--- Excerpted records ---

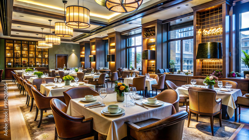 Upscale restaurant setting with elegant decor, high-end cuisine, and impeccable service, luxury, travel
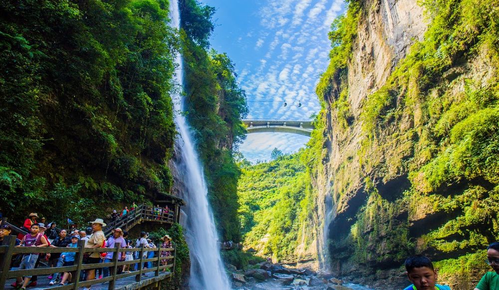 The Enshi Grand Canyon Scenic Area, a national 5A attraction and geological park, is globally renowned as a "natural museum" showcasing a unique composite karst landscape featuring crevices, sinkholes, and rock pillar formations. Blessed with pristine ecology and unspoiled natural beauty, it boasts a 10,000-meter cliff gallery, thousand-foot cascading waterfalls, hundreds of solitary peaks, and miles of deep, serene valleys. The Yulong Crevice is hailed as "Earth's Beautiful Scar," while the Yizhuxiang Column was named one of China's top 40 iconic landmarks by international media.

---
--- Excerpted records ---

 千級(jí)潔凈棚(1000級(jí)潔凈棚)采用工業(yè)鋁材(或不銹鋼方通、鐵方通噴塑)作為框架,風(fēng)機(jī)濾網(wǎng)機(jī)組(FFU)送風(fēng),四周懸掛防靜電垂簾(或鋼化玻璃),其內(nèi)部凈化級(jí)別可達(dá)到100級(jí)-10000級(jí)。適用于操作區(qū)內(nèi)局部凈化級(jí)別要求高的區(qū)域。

---

What you return must match, character for character, the lines above from the one with "Upscale restaurant setting" through the one with "The Enshi Grand", minus any pictures.

 Upscale restaurant setting with elegant decor, high-end cuisine, and impeccable service, luxury, travel
 The Enshi Grand Canyon Scenic Area, a national 5A attraction and geological park, is globally renowned as a "natural museum" showcasing a unique composite karst landscape featuring crevices, sinkholes, and rock pillar formations. Blessed with pristine ecology and unspoiled natural beauty, it boasts a 10,000-meter cliff gallery, thousand-foot cascading waterfalls, hundreds of solitary peaks, and miles of deep, serene valleys. The Yulong Crevice is hailed as "Earth's Beautiful Scar," while the Yizhuxiang Column was named one of China's top 40 iconic landmarks by international media.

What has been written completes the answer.